Theseultra - wide - legged jeansmight look nonsensical today toMillennials(Gen Z , maybenot so much ) . But back in the twenty-four hour period , JNCOs were the pants that defied authority … as well as common sense and many shoal dress code .
Dressed for Success
Haim Revah was born in Morocco and raised in France . When he was a small fry develop up in the seventies , Haim , who later went by the name Milo , watched a lot of American television likeStarsky and HutchandCharlie ’s Angels . To Milo , America was full of highly full - looking police officers who put on a lot of blue jean on the business . But that was n’t the only reason Milo got concerned in fashion . His father was in the denim sales stage business , so when Milo and his younger brother , Yaakov ( know as Jacques ) prompt to Los Angeles , California , as adults , getting into the apparel plot was a natural paroxysm . By day , they studied the business . At Nox , they learned English with the assistance of a tutor .

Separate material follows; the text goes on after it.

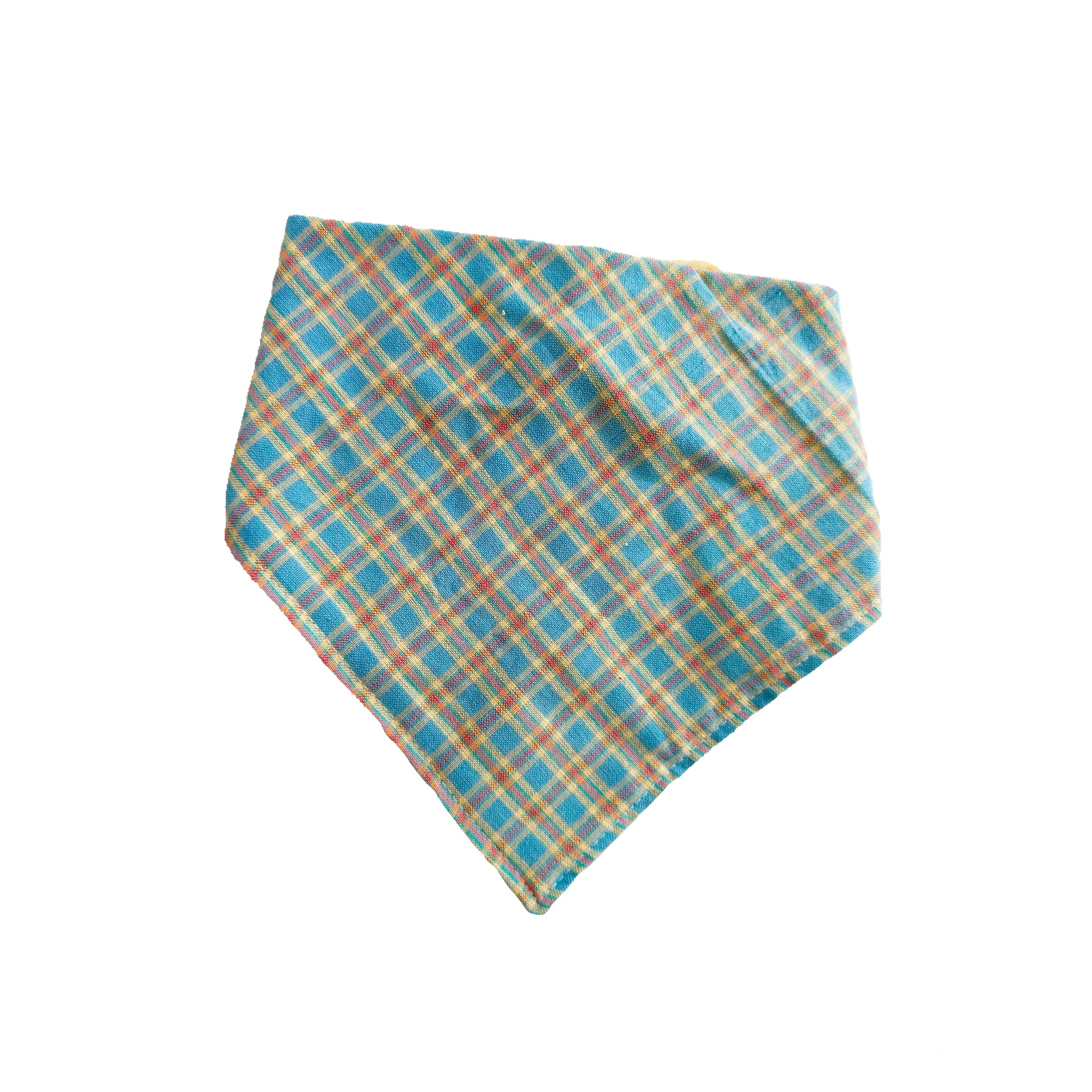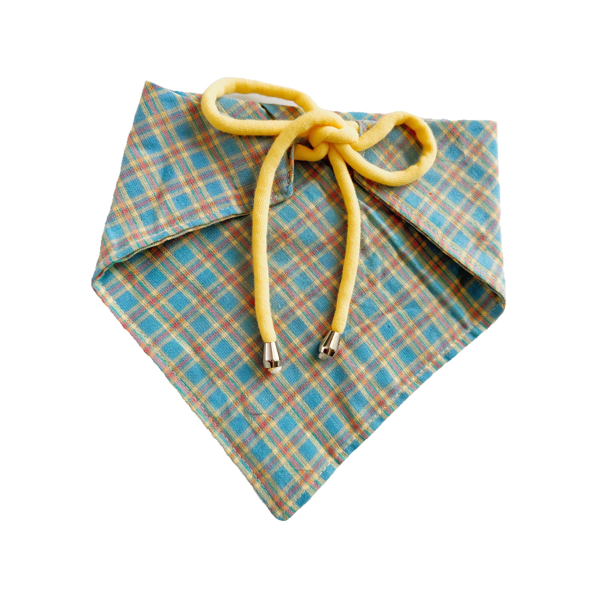 Blue, yellow, and orange bandana sewn together with white thread. Matching yellow ties and silver stoppers complete the back of this bandana.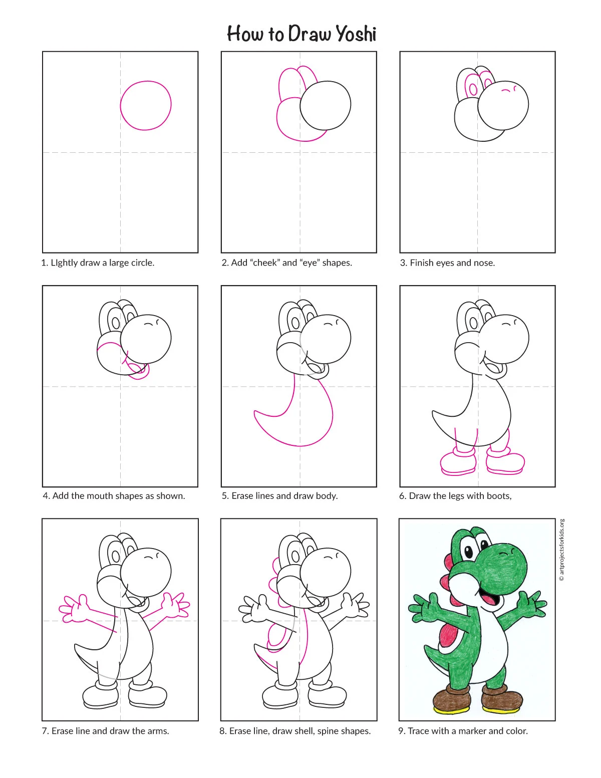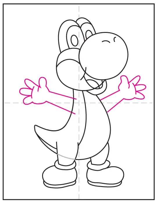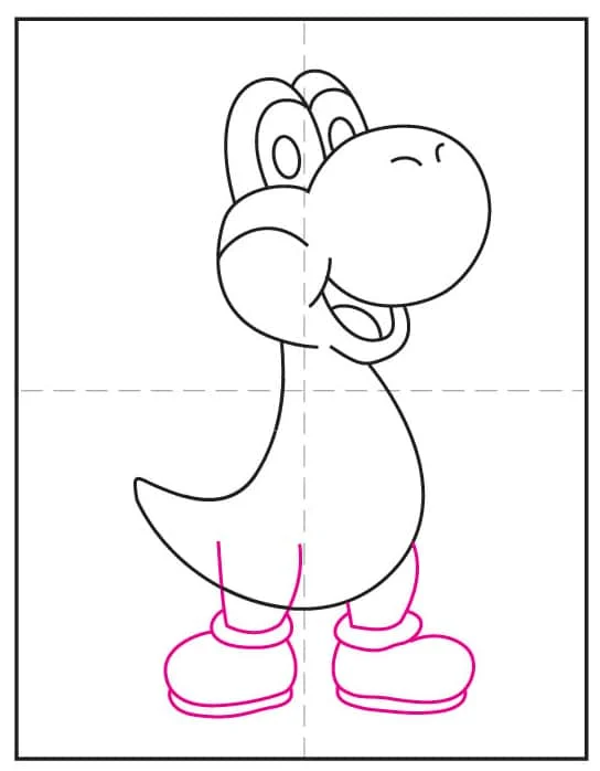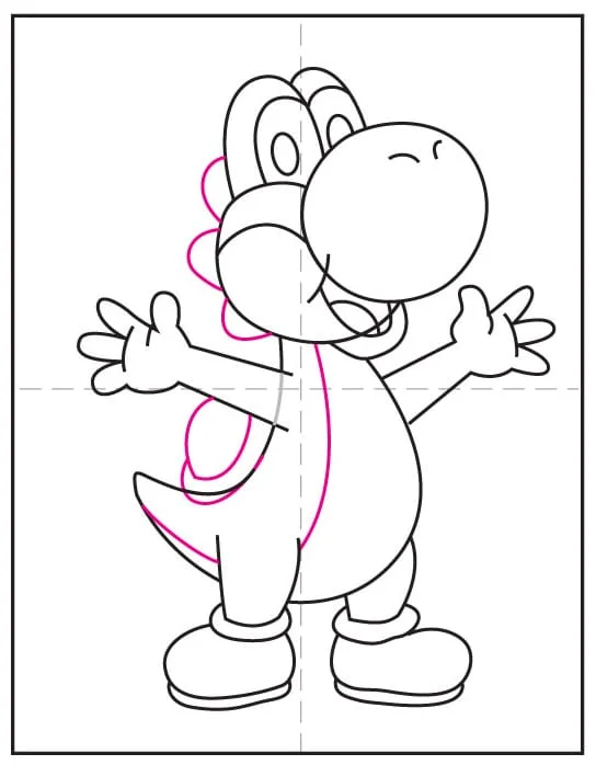 Learning how to draw Yoshi this way is ideal for a wide range of skill levels too, since struggling artists can stay with the basic shapes while more advanced artists can add extra details like shading, texture, or backgrounds.

But one does not simply get into way . It ’s a cutthroat business with plenty of competition . So how did the Revah brothers do it ? In 1985 , with $ 200,000 in rescue , they started a company called Revatex , and their approach was simple but effective . Most retailers who ordered private - label habiliment and rebranded it had to wait about six month for overseas manufacturing business to fulfill orders . But the Revahs owned a mill based aright in Los Angeles and could replete orders in just 8 week . That meant their client could have them produce more of what was selling and less of what wasn’t — and quickly — make Revatex an invaluable mate .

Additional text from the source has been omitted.